Quieter Than Killing by Sarah Hilary

imageIt’s winter, the nights are dark and freezing, and a series of seemingly random assaults is pulling DI Marnie Rome and DS Noah Jake out onto streets of London. When Marnie’s family home is ransacked, there are signs that the burglary can have only been committed by someone who knows her. Then a child goes missing, yet no-one has reported it. Suddenly, events seem connected, and it’s personal.

Someone out there is playing games. It is time for both Marnie and Noah to face the truth about the creeping, chilling reaches of a troubled upbringing. Keeping quiet can be a means of survival, but the effects can be as terrible as killing

London, in winter.  It’s not the most welcoming place and, for three ex-offenders, it’s also not the safest.  When each are found with increasingly violent injuries (eventually leading to murder), Marnie and Noah aren’t sure if they have a vigilante on their hands or a series of random crimes. They are leaning towards vigilante but it’s a strong word and not one their new boss (DCS Ferguson) wants to hear, even if it might be the truth.

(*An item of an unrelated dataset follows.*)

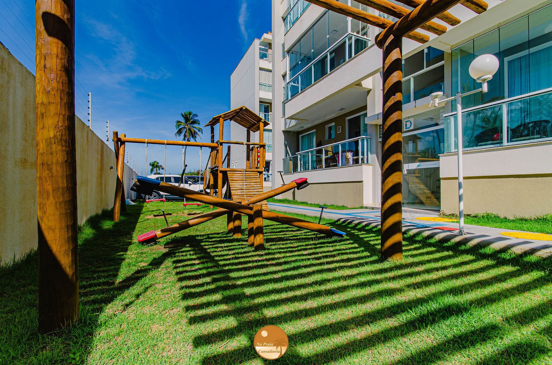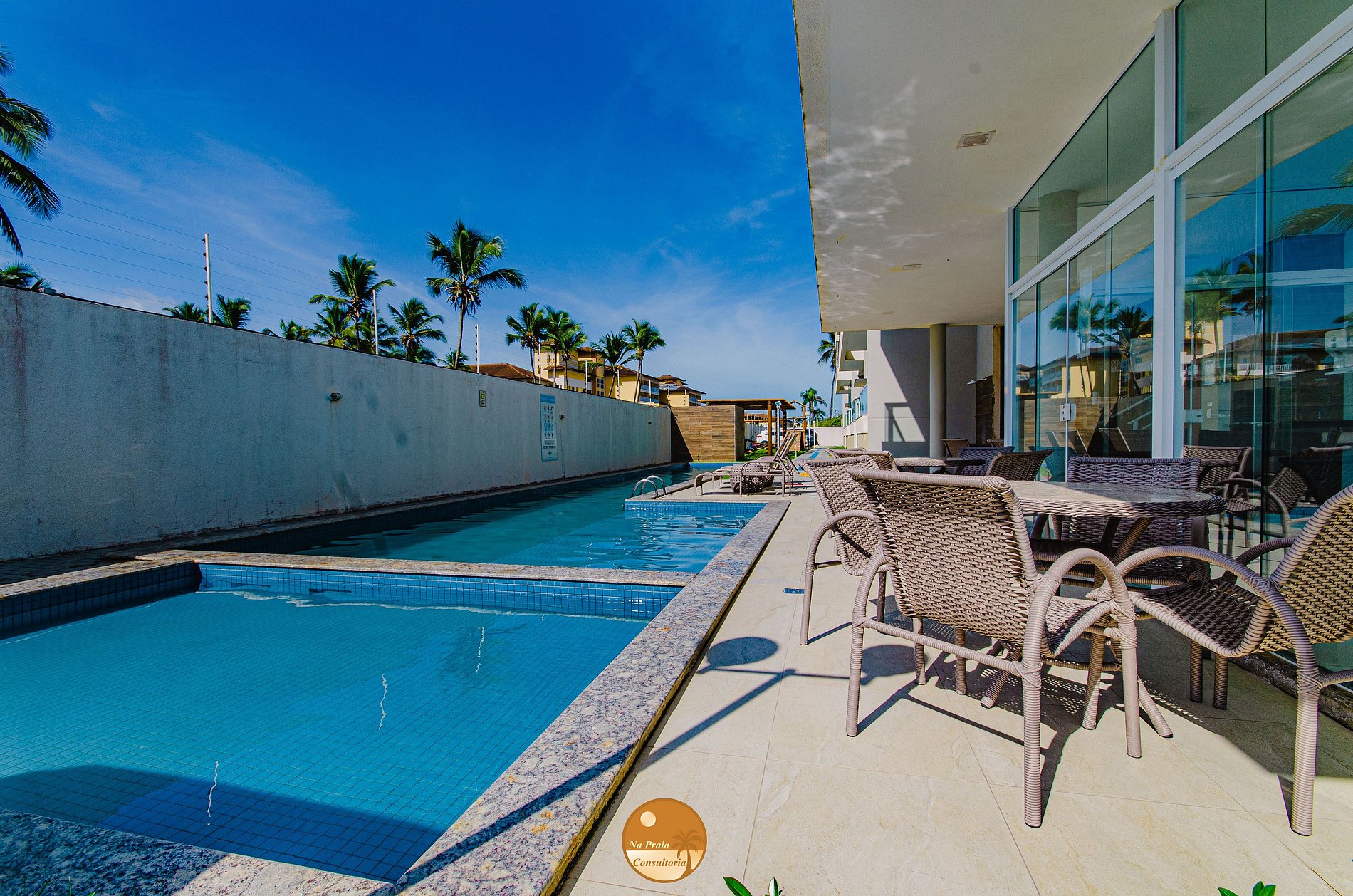 No condomínio, você poderá utilizar as piscinas e o parque infantil, assim como mesas, cadeiras e espreguiçadeiras.

The question is, if it is the truth, why have these victims been picked.  What is it about them that made them targets (other than their records) and how are they connected to a missing child and London’s street gangs.  Marnie knows that if they can find the link, she can find the killer.  What she doesn’t expect to find is a link back to her, and her own past – one where her parents were killed by their foster child – and which she has never really recovered from. It all makes for a tense read and real page-turner of a book.

It’s also quite a complex read, with lots of threads weaving together and then unravelling just when you think you have it all figured out.  I liked this about it and thought Sarah Hilary did a great job of keeping things interesting without making them confusing. When I was thinking of how to describe this book, I kept coming back to the word relentless – it really didn’t give you a moments pause or let up for a second.   I didn’t feel bored for an instant and found myself challenged to guess who dunnit (I did, but only a few pages before Marnie so it was pretty obvious by then).

There is an intensity to the writing and to Marnie.  She’s another complicated female, my favourite kind, but compared to some I’ve read recently pretty stable and down-to-earth.  I got a chuckle when she says “Maverick detectives don’t exist outside of fiction”.  She’s probably right and isn’t someone I would describe as a maverick, just a very good policewoman – albeit one who is damaged by her past so slow to let people in and definitely married to her job.  It felt refreshing that she didn’t keep running off on her own and ignoring her team or her boss.  I also liked Noah, the other main character who has his own story (which nicely intercepts the main plot) which helped make him real, not just a side-kick to Marnie.

In fact, there isn’t really anything I didn’t like here (other than realising I haven’t read the third in the series).  It is well written, with great pace and interesting characters.  I felt involved in the story all the way through and was a bit disappointed when I had to say goodbye to it.  For those who haven’t read the other books, it works well as a standalone.  So, all in all, a great read that I highly recommend and liked a lot.




Source: Publisher
Publisher: Headline
Publication Date: 9th March, 2017
Pages: 416
Format: paperback
Genre: crime fiction

Pre-order on Amazon UK

Note: I received a copy of this book from the publisher in return for a fair and honest review.  All thoughts, feelings and opinions are my own.




  1. I have book two on audio but for some reason, I keep putting it off, I think it’s cause I am not a huge fan of the narrator. I need to try it again as I liked book one. Maybe I should try just reading them. 🙂


    • I don’t know how they would be on audio as it’s quite dialogue heavy. There is a great bit where they role play the killer for example. If you don’t like the narrator not sure how that would work for you. paper may be the way to go.


    • I would definitely recommend it. It is gritty (maybe a word I should have used instead of relentless now it’s popped into my brain) but I like it’s smart too.